In this session, attendees will learn how to secure JSR-168 Portlets using the latest version of Acegi Security, called Spring Security 2.0
This session will explore the "full stack" web framework trend and answer the question: how does Spring stack up? This session will first define what a full-stack web framework is, then provide a fair technical comparison between a Spring-centric web development stack and the alternatives. Attendees will learn the feature-set of modern "full stack" web frameworks, and what Spring has that differentiates itself from the pack.
This session explores the challenges of accessing a shared data repository from a high-volume web application with many users. Attendees will learn how to ensure data integrity and data access performance while maintaining a satisfactory user experience. In addition, attendees will gain an understanding of key web application data access patterns and how to use frameworks like Spring and Hibernate to apply them.
In this session, you will learn to recognize opportunities for extracting high-level, reusable UI components within your web applications, how to capitalize on them, and how to use the technique of component composition to create highly-interactive web applications.
In the first-part of this two-part workshop, Mark will focus on the essentials of Enterprise Integration with Spring. First, he will take a whirlwind tour of Spring's enterprise integration support libraries. Next, he will discuss the "big picture" of an event-driven architecture based on messaging with an overview of key enterprise integration patterns. Attendees will leave with a clear understanding of Spring's integration capabilities and an appreciation for the benefits of message-driven architecture, ready to put that into practice in Part II.
Building on Part I, Part II of this workshop will demo a series of messaging systems built on Spring. The samples will exercise event-driven scenarios involving distributed architectures with messaging and remoting. Each sample will highlight a variety of important enterprise integration patterns.
This session will present common real-world LDAP integration problems and how these problems can solved using Spring LDAP. The advanced features of Spring LDAP will be covered in depth. Attendees will learn how Spring LDAP can be used to solve problems that were previously considered virtually unsolvable in the LDAP world.

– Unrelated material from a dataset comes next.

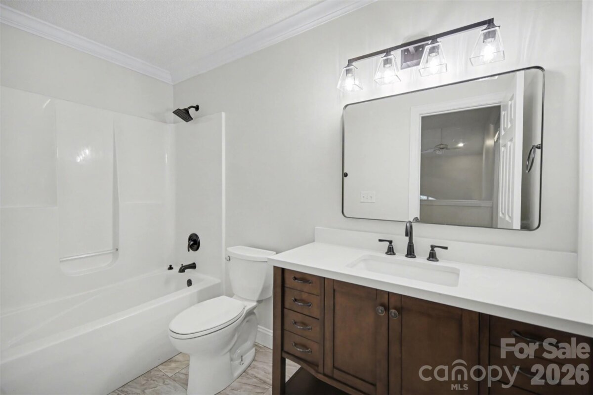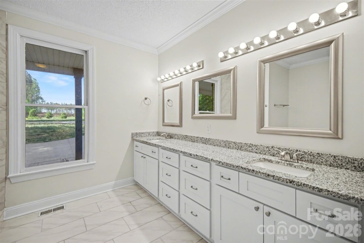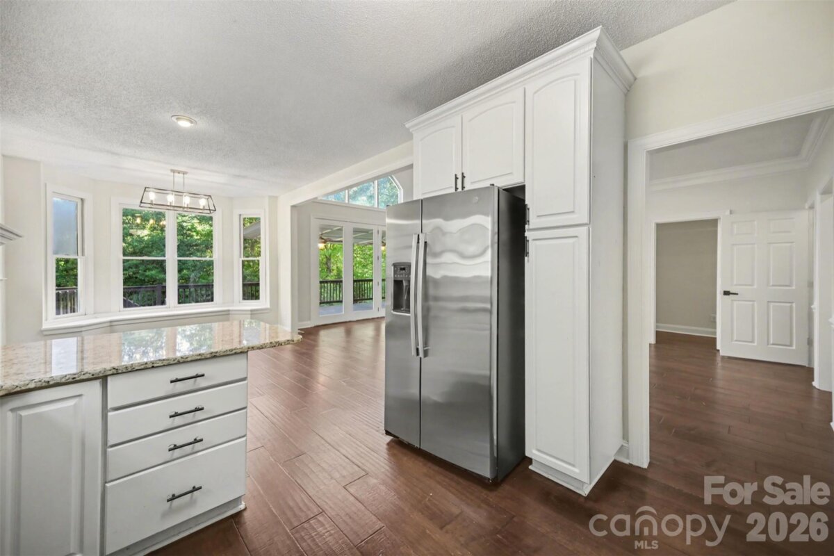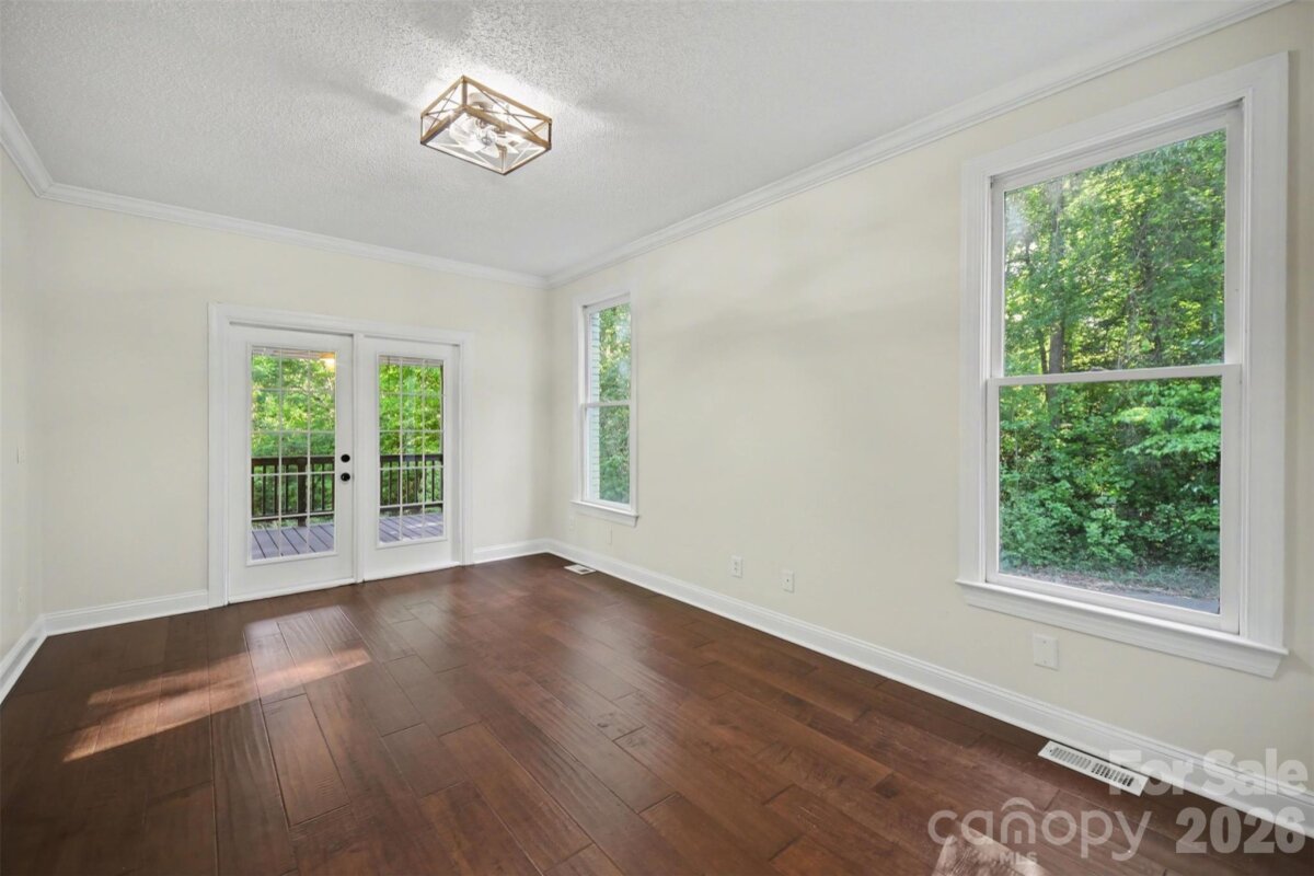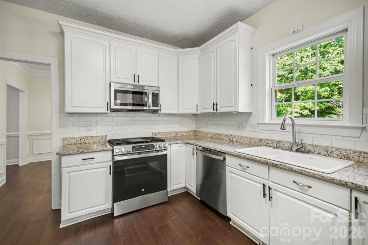 Come check out this beautiful modern home on 1.4 private acres with NO HOA that is just minutes to Lake Wylie and a quick commute to Charlotte. Open-concept layout with a huge two-story foyer and great room, plus hardwoods throughout the main level. The upgraded kitchen features granite counter tops, custom backsplash, stainless steel appliances, pull-out shelving, and dual lazy Susans. Main-level primary suite features dual vanities, custom tile, garden tub, and a large walk-in shower. Spacious bedrooms and abundant storage throughout. A fully finished basement adds flexible living space. The rear-entry garage and automated driveway gate enhance privacy. The spacious fenced in backyard backs up to a large wooded area, with a wraparound front porch and expansive rear deck this home is perfect for entertaining. Major bonus: roof replaced in 2019.

Mylyn's task-focused UI is changing the way that developers work. Current IDEs overload us with the tens of thousands of artifacts that make up an enterprise application, and as a result we spend more time searching, scrolling, and navigating than we do programming. Eclipse Mylyn is the solution to this problem. The talk will start with live demos to show you what Mylin can do and will conclude with a showcase of popular development tools that integrate with this cutting-edge technology.
In this session, Rob presents a practical discussion of the creation of highly concurrent enterprise applications. Attendees will be presented with a wide range of topics for concurrency management.
This session will teach you the essentials of using Hibernate with the latest version of Spring to develop database-backed applications.
What framework should you go with to develop web services in Java? How do the major frameworks compare in terms of features and development style? This session will provide a fair evaluation of the three major open-source web services frameworks Apache Axis, XFire CXF, and Spring Web Services. A number of factors will be considered to help attendees select the best overall framework for their requirements.